How do you solve Maximal Score After Applying K Operations on LeetCode?

Maximal Score After Applying K Operations (LeetCode #2530) can be solved using Brute Force or Optimal Solution. The optimal approach is Optimal Solution with O(k log n) time complexity and O(n) space complexity. Key insight: Always choose the maximum element to maximize the score.

What is the brute force solution for Maximal Score After Applying K Operations?

The brute force approach for Maximal Score After Applying K Operations is Brute Force, with O(n²) time complexity and O(1) space complexity. In the brute force approach, we will perform k operations by repeatedly selecting the maximum element from the array, adding it to our score, and then replacing it with its ceiling divided by 3. This is straightforward but inefficient as it requires scanning the array multiple times. The optimal Optimal Solution approach improves this to O(k log n).

What algorithm or data structure is used to solve Maximal Score After Applying K Operations?

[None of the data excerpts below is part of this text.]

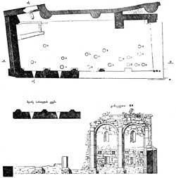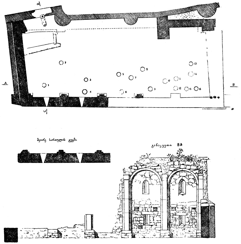 შენობა დაფუძნებულია კლდეზე, რომლის მასივები ალაგ-ალაგ, განსაკუთრებით სამხრეთ-დასავლეთ მხარეზე, შიგ შენობაშია შეჭრილი, სამხრეთ-დასავლეთით კლდე იატაკის ზედაპირიდან მაღლა ამოდის და ძველადაც ასევე გაშიშვლებული იქნებოდა მარნის შიგნით. გათხრების დროს გაშიშვლდა ჩრდილო-აღმოსავლეთის კედლის საძირკველი და გამოვლინდა, რომ ის ნაგლეჯი ქვითაა წყობილი და შიგნიდან კონრფორსებით იყო გამაგრებული. ასევე გათხრების დროს ნაპოვნია მარნის ქვევრები და რამდენიმე ადგილას დაფიქსირდა ადრინდელი იატაკის დონე, რომელიც შემორჩენილია ქვითკირის ნაშთების სახით, ნაპოვნია წვრილი ინვენტარი (გიორგი III-ის მონეტა, დამახასიეთებელი კერამიკული ნატეხები დას სხვა), რაც საშუალებას იძლევა ეს შენობა XII საუკუნით დათარიღდეს. კედლის შემორჩენილი ნაწილი გარედან, ნიადაგის თავდაპირველი დონიდან რომ ვიანგარიშოთ, აღწევს 7,8 მეტრ სიმაღლეს. ზევით მას შემონახული აქვს ლავგარდანის ქვა, ლავგარდანი უბრალო ფიტონს წარმოადგენდა, რომელიც მოგრძო ოთხკუთხი ბრტყელი ფილაქნებისაგან შედგებოდა. მხოლოდ კუთხის ქვა აქვს დაქანებული ნაპირები და წარზიდული ნაწილი, რომელიც კუთხეს ამთავრებს. გარედანაც და შიგნიდანაც ჩრდილო-აღმოსავლეთის კედელი თლილი ქვებითაა შემოსილი, ამ პერანგში ჩასხმულია ბეტონი და მისი სისქე 1,0 მეტრს შეადგენს. გარეთა საპირე ქვა კარგადაა გათლილი, პერანგი სხვადასხვა ქანის მოყვითალო და ღვინისფერი დიდი და საშუალო ფილაქნებითაა წყობილი. ქვების მწკრივების თარაზულობა კარგადაა დაცული. ღვინისფერი ფილაქნები ჭარბობს უფრო კედლის ქვედა ნაწილში. ამ კედლის ქვედა სართულის შიდაპერანგი ნაგებია საკმაოდ უხეშად, დიდი საშუალო ზომისა და წვრილი, ასევე სხვადასხვა ფერის, მაგრამ მქისედ დამუშავებული ქვებით, ვინაიდან ეს კედელი მარნის იყო და გარედან არ ჩანდა. მეორე სართულის შიდაპერანგი კი ნაშენებია თარაზულად წყობილი მოყვითალო და ღვინისფერი დიდი და საშუალო ზომის კვადრებით, რომლის ზედაპირი განგებ ჩაფურათაა დატოვებული ბათქაშის დასამაგრებლად. შიგნით მეორე სართული კედლები ბათქაშით გალესილი და ფრესკებით შემკული ყოფილა, რომელთა ნაკვალევი სარკმელების კედლებზე იყო ნაპოვნი. სავარაუდოდ შენობა ჩარდახიანი კამარით იყო გადახურული, რომლის ძირი ჩრდილო-აღმოსავლეთ კედელზე ზოგან დღემდეა შემორჩენილი. კამარა ქვემოდან ეჭირა პილასტრებზე დაყრდნობილ 6 თაღს. ჩრდილო-აღმოსავლეთის სამი პილასტრი საღადაა დაცული თავისა ხარისხებით და სვეტისთავებით. ხარისხები მარტივ თლილ კვადრებს წარმოადგენს, თვით პილასტრებს კი განაკვ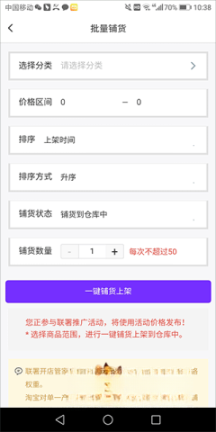 2找到“批量铺货”这个选项并点击,就能马上开启商品管理流程,让后续操作进入更高效的模式。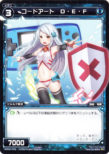 ![]() ![]() | WX04-076 コードアート D・E・F シグニ 拡張パック インフェクテッドセレクター C 色:青 タイプ:精械 クラス:電機 レベル:3 パワー:7000 【ピルルク限定】 【起】[ダウン]:レベル3以下の凍結状態のシグニ1体をバニッシュする。 守って、勝利! ~D・E・F~ illust:れいあきら |

Maximal Score After Applying K Operations uses the following concepts: Array, Greedy, Heap (Priority Queue). The recommended patterns to study are: Heap, Greedy.

What are the interview tips for Maximal Score After Applying K Operations?

Explain your thought process clearly when choosing data structures. Discuss time and space complexities during your solution presentation. Practice similar problems to recognize patterns and optimize your approach.

What are common mistakes when solving Maximal Score After Applying K Operations?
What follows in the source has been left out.